Netflix's 'Burning Sands' is a tale of brotherhood and the dangers of black frat hazing


On March 10, Netflix will be releasing Burning Sands, a new original movie directed by Gerard McMurray, who is making his feature film debut after serving as an associate producer on Ryan Coogler's Fruitvale StationBurning Sands features a stellar ensemble led by American Crime's Trevor Jackson, and is a powerful, intense and, at times, disturbing look into the fraternity culture at historically black colleges and universities. 

Burning Sands takes place during the Lambda Lambda Phi fraternity's "hell week," culminating in "hell night," the last hurdle for the pledges at the fictional Frederick Douglass University. Throughout Burning Sands, we see the pledges lean on each other during increasingly stressful times, doing everything they can not to "drop'" from the line. 

Jackson plays Zurich, the central protagonist, who has to juggle his relationships, schoolwork and responsibilities as a fraternity pledge, all while seemingly attempting to discover his own reasons for wanting to join Lambda Lambda Phi. He at one point is unable to answer that simple question when confronted by a big brother.


Academy Award-nominated Alfre Woodard portrays Professor Hughes, a character who more than once tries to hand Zurich a life-line, at one point quoting Frederick Douglass, stating, "it is easier to build strong children than to repair broken men." And this is a theme, in particular, that runs deep throughout the film. 

The first trailer for Burning Sands dropped last month, and reactions have thus far been split, with some fearing that the film targets black fraternities. And while much of the film does highlight illegal hazing in fraternities, Burning Sands is so much more than that, and director McMurray hopes that audiences wait until after they see the film to judge it. 

McMurray told Mic that Burning Sands "was not meant to be a national outcry," stating that the story is "merely a tale about brotherhood and also the complicated path to manhood for black men." As for Burning Sands' commentary on black fraternities, the director explains that "the film is not an indictment of the culture, but only a brief introduction to it."

What Burning Sands is at its core, though, is a tale of brotherhood, family and unity — themes that drew Jackson to the lead role of Zurich. Jackson told Mic that he wanted be a part of this film to highlight the "unity between black men." 

"A lot of black men have a hard time showing affection and love to one another," Jackson elaborated. "I think this film really shows the importance of unity and togetherness." Of course, the actor was also drawn to McMurray "and his passion for the project," as well as seeing the film as "a great opportunity acting-wise to grow and learn."


One of those learning opportunities for the star came in the form of sharing scenes with Woodard, who most recently appeared in two Netflix original series, Luke Cage and A Series of Unfortunate Events. "It was an honor [working with Woodard]," Jackson explained. "She is a beautiful spirit and so encouraging and kind." 

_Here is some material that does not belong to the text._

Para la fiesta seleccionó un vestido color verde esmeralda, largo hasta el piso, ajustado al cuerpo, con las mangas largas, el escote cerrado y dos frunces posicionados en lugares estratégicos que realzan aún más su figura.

Jackson stated further that "it is amazing to meet someone that you looked up to and have wanted to work with," commenting that "it is easy to act when you're acting with someone like that."

Jackson is hoping that his performance, and growth in Burning Sands, leads him to tackle even more diverse roles going forward. "I want to continue to unravel myself and experience different parts of myself to be able to tap into different characters," he explained. "I love film; I love watching movies; I love great actors. I love seeing someone transform on screen."


"That is something I'm working towards," he said. "I want to go after roles that are not myself. I like meaty, juicy roles that I can really dive into. I just want to do great work. Work that provokes thought and helps shape the world as well." And Jackson does hope that he gets a chance to work with McMurray again, explaining that "the synergy was there."

As for McMurray, while he is looking forward to the future and the opportunities "to do all kinds of stories," right now he is focused on Burning Sands. He hopes that audiences can enjoy the film for what it is, stating that he wants viewers to be "free-thinkers." 

McMurray explains that Burning Sands was shot in just 18 days, with the film's climax being filmed in just four hours under difficult circumstances. So, when McMurray does move onto a new project, he hopes his "next step is definitely to do a bigger film—more than 18 days." But for Burning Sands, his wish is for audiences see that it is a film that goes "much deeper [than hate]," because what the movie is really about is "family" and "brotherhood."

Burning Sands will be released Friday, March 10 on Netflix.